Reply #9 from WinCustomize Forums Top
I did have a lengthy post about decreasing functions and other bits, but it would have still left you with trying to 'fiddle' a function like 1/x or 1/sqrt(x) to make something that goes from 200 to 0 with an 'even' curve, in the shape you wanted. So I just did it for you. This was still done with a bit of trial and error and a graphing program, but it does what you want.

for x = 0 to 200 step 20
y = -40*(x-200)/(x+40)
next

y will decrease from 200 to 0, as x ranges from 0 to 200, the step 20 makes the 10 steps you wanted.
Reply #10 from WinCustomize Forums Top
as an extra note, a general form of the function:

-a*(x-b)/(x+a)

a is roughly the closness of the 'curving' point to the origin, so INCREASING this number makes the function a more GRADUAL curve (I recommend sticking around 20-40, but increase this as you increase b)

b is your limit,
so b = 100 will make the function decrease from 100 to 0 in x = 0 to 100
and b = 200 will make the function decrease from 200 to 0 in x = 0 to 200
Reply #11 from WinCustomize Forums Top
Ok, the -a*(x-b)/(x+a) function works perfect. However I have two different functions now. Is there any way that the -a*(x-b)/(x+a) function can be adapted to create a curve like the red one? I feel I got better control over the curve with this last function.
Reply #12 from WinCustomize Forums Top
I guess my Jethro Bodine school of Double-Naught Cypherin' diploma is quite useless in this scenario...
Reply #13 from WinCustomize Forums Top
heh heh, that has a quick solution that might not be equivilent to a mathematical inverse or anything. Think about the curve you have now. Mirror it across the x-axis, it now has the right shape, but it's from -200 to 0 on the y-axis, we want it from 0 to 200, so simply add 200 to every point on the curve! so -200 + 200 -> 0 and 0 + 200 -> 200, and we get the correct y-range.

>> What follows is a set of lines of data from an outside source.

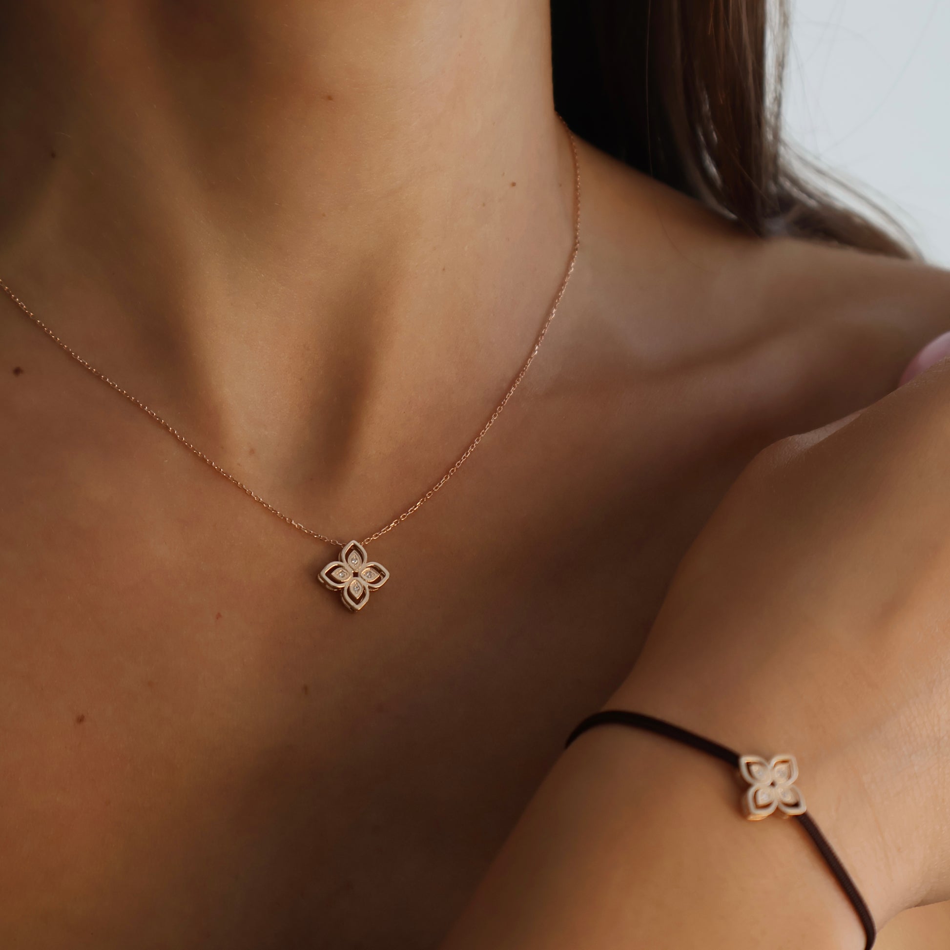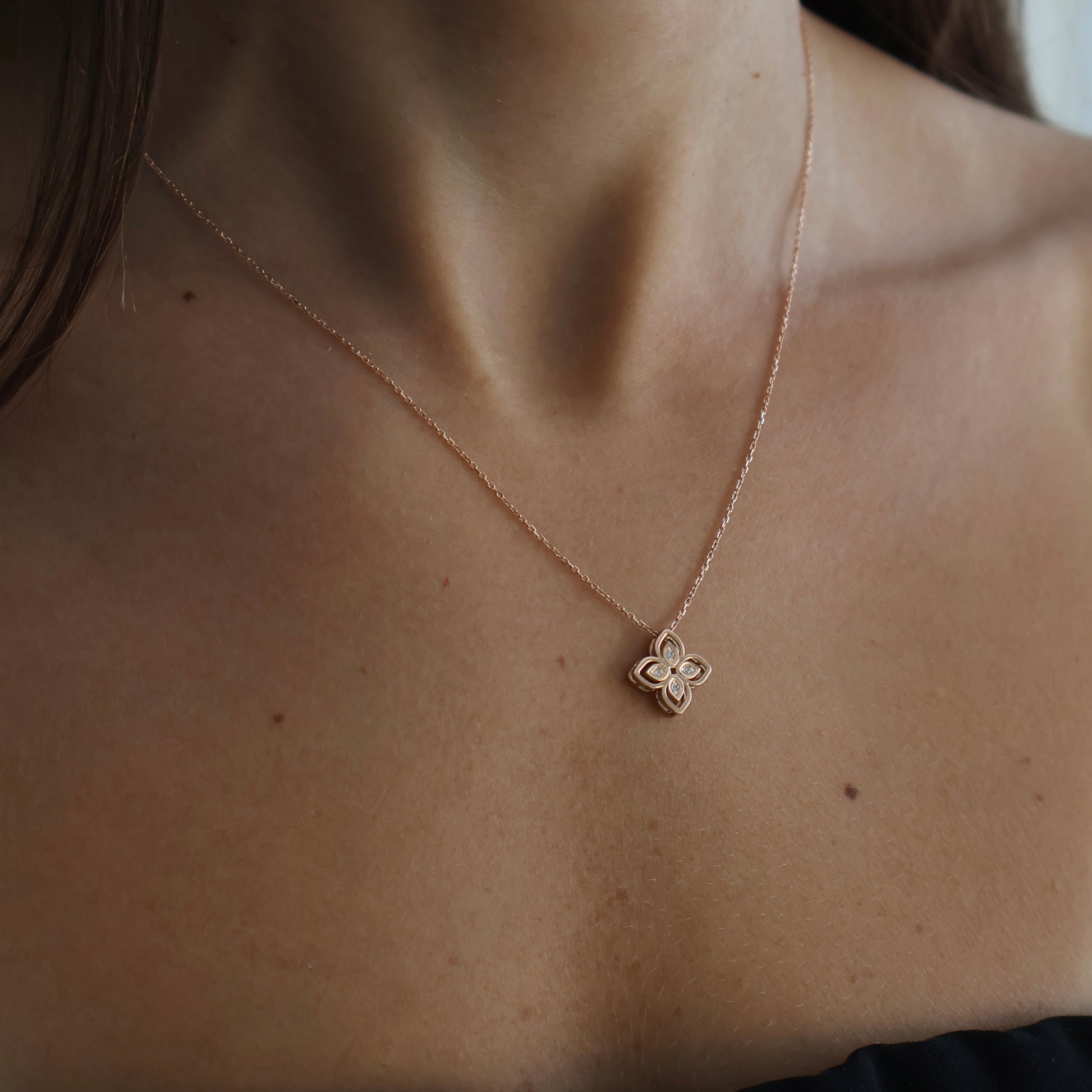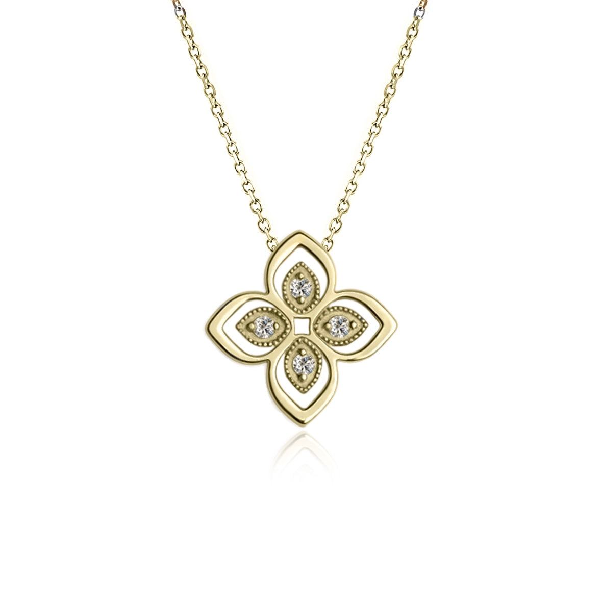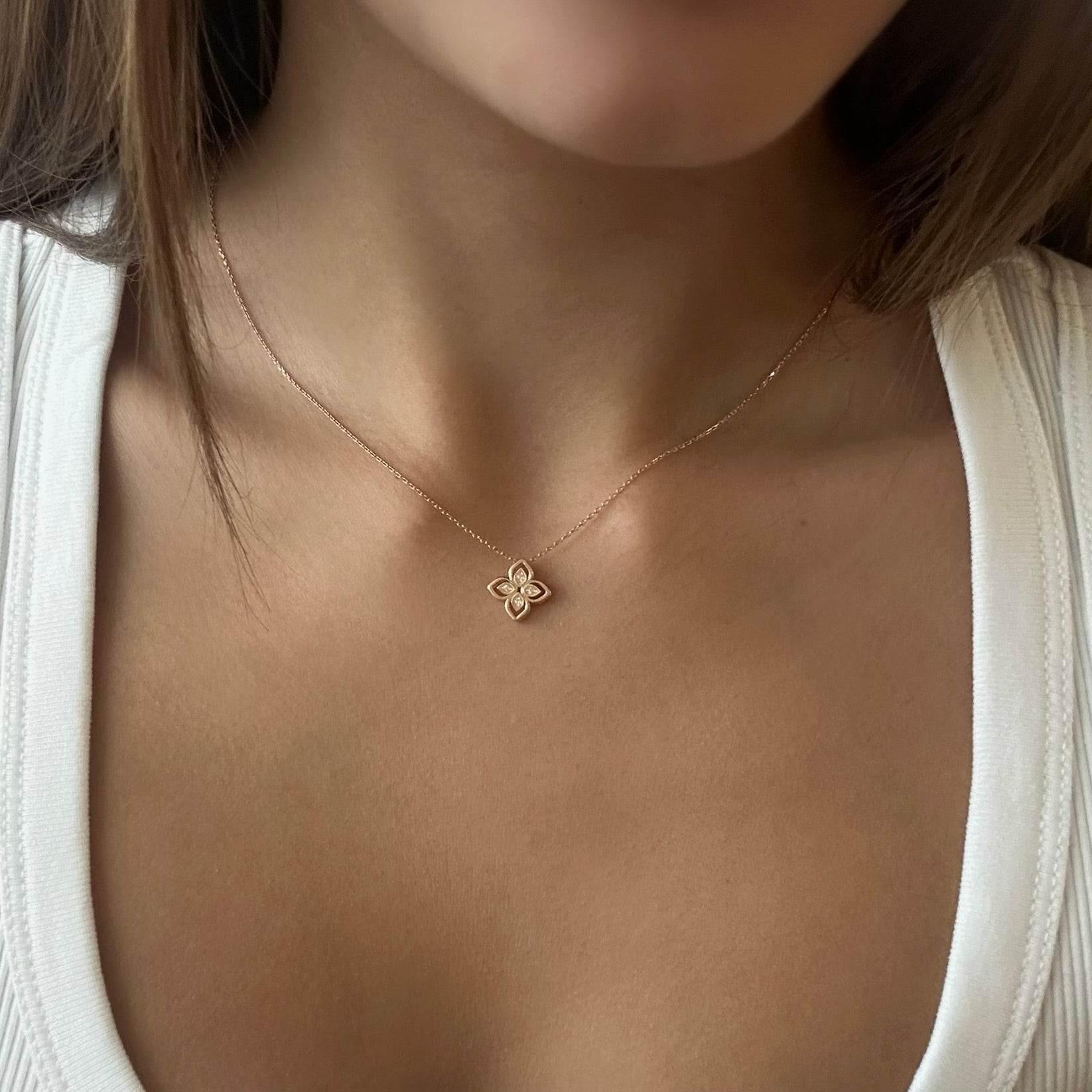 שרשרת זהב עם תליון תלתן משובצת יהלומים טבעיים
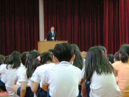 「今日は憲法月間のお話です。5月5日はこどもの日,4日はみどりの日。では,3日 は何の日でしたか?」という問いかけで朝会での校長先生の話が始まりました。
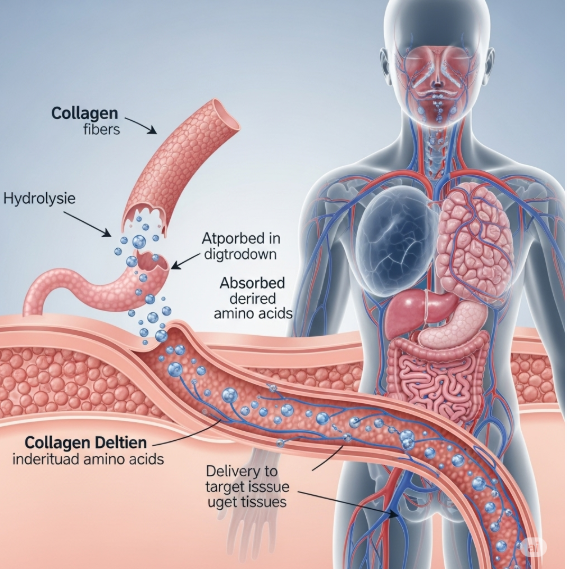 콜라겐은 단백질의 일종으로, 섭취하면 소화 과정에서 아미노산으로 분해됩니다.

So, to mirror a function across x-axis, a rough method is to multiply the entire function by -1, and to add 200 to every point, just add 200 to the function.

therefore:
y = 200+40*(x-200)/(x+40)

generally:
y = b+a*(x-b)/(x+a)

will give you what you want.
Reply #14 from WinCustomize Forums Top
Ah! Brilliant! Thank you very much for your help. It'll be credited in the widget.